Fiki menjelaskan, aplikasi TEMU memiliki konsep menjual barang langsung dari pabrik ke konsumen tanpa adanya seller, reseller, dropshipper maupun afiliator sehingga tidak ada komisi berjenjang. Hal tersebut ditambah dengan adanya subsidi yang diberikan platform membuat produk di aplikasi dihargai dengan sangat murah.

“Mereka sudah masuk ke Amerika Serikat (AS) dan Eropa, bahkan sekarang sudah mulai ekspansi ke Kawasan Asia Tenggara, khususnya di negara tetangga seperti Thailand dan Malaysia.
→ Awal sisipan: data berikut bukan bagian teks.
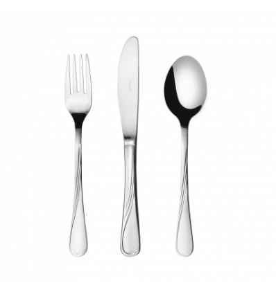 HERDMAR Комплект прибори за хранене “KARINA“ за 12 човека от 51 части. • Изработени от неръждаема стомана 18/10• Подходящи за почистване в съдомиялна машина. • Елемент от дръжката е позлатен с 24 каратово злато (със сертификат ) Комплектът включва: • Нож за хранене: 12 бр. • Вилица за хранене: 12 бр. • Лъжица за хранене: 12 бр. • Лъжичка за чай: 12 бр. • Вилица за месо: 1 бр. • Лъжица за сервиране: 1 бр. • Черпак за супа: 1 бр.Производител: HERDMAR / Португалия
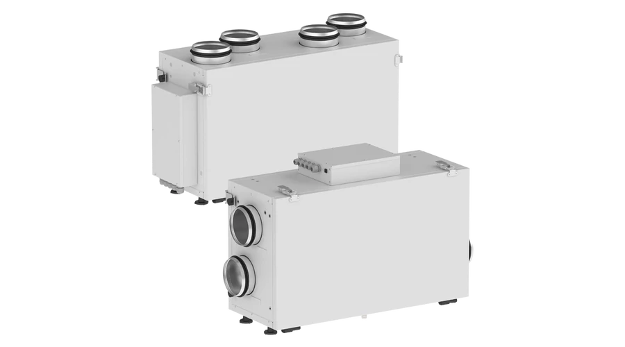 Hővisszanyerős légkezelő berendezés az energiahatékony szellőztetés kialakításához lakásokban, családi házakban, irodákban és egyéb helyiségekben. Hővisszanyeréssel csökkenthetjük az energiafelhasználást és növelhetjük a komfortot a belső terekben. Igény szerint szabályozható a szellőzés az épületben. Légkezelő berendezés álló vagy oldalfali beépítés, horizontális 125 mm-es csonkokkal, keresztáramú entalpia hővisszanyerővel, 187 m3/h 100 Pa teljesítménnyel, A1 vezérléssel.
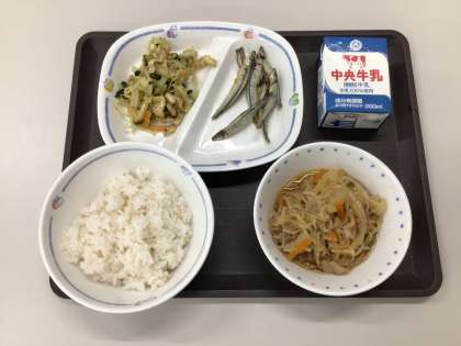 今日の献立は、豚丼、ごまあえ、きびなごのから揚げ、麦ごはん、牛乳 でした。 エネルギー:790kcal

Maka kita harus terus kawal agar tidak masuk ke Indonesia,” tutur Fiki.

Fiki mengungkapkan, sejak September 2022 lalu aplikasi TEMU telah berupaya mendaftarkan merek sebanyak tiga kali di Indonesia. Bahkan pada 22 Juli 2024, aplikasi TEMU sempat mengajukan ulang pendaftarannya di Direktorat Jenderal Hak Kekayaan Intelektual (DJKI) Kementerian Hukum dan Hak Asasi Manusia (KemenkumHAM).
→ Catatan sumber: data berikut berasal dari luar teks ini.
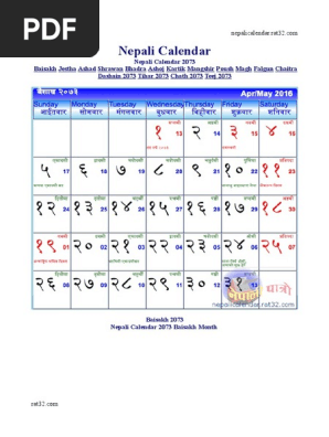 Nepali Calendar 2073 Bs Pdf Nepal Lunisolar Calendars
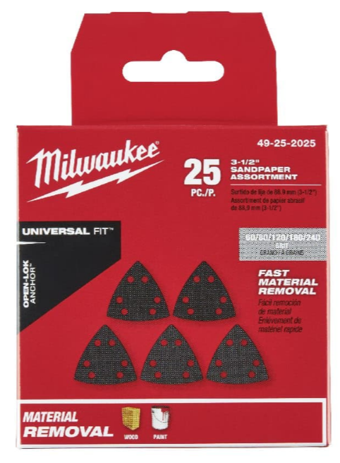 The Universal Fit OPEN-LOK™ Triangle Sandpaper is designed for Oscillating Multi-Tools. The triangle sandpaper utilises hook and loop technology for you to make fast and secure paper changes. The universal dust extraction hole placement allows for use with most dust extraction systems. The long-lasting silicon carbide grit is ideal for wood and paint. This MILWAUKEE® sandpaper works with any Triangle Sanding Pad with hook & loop technology.
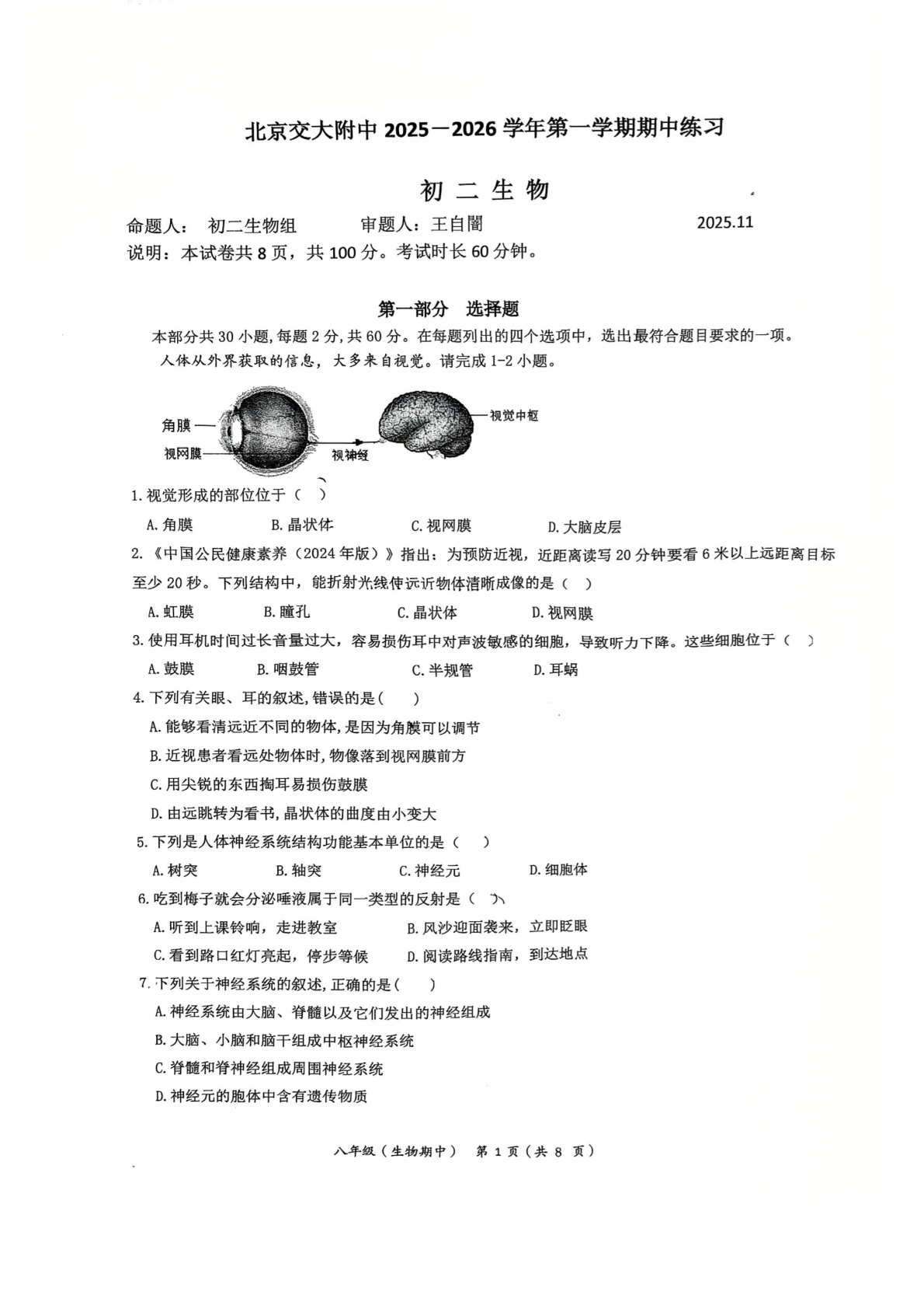北京各区2025-2026学年初二年级期中考试陆续开考。为了方便同学们练习,北京高考在线团队特意整理了2025-2026学年北京交大附中初二上学期期中生物试题及答案,详情如下:

"Aplikasi TEMU dari China ini sudah coba mendaftarkan merk, desain, dan lainnya ke DJKI, tapi tidak bisa karena sudah ada perusahaan asal Indonesia dengan nama serupa dan dengan KBLI yang mayoritas sama. Tapi kita tidak boleh lengah, harus kita kawal terus," tegas Fiki

Fiki berharap agar KemenkumHAM, Kementerian Perdagangan, Kementerian Komunikasi dan Informatika, serta stakeholders terkait dapat bersinergi mencegah masuknya marketplace TEMU ke Indonesia. “Hal ini diperlukan semata-mata demi melindungi pelaku usaha di dalam negeri khususnya UMKM,” kata Fiki.(Reporter: Achmad Sholeh Alek).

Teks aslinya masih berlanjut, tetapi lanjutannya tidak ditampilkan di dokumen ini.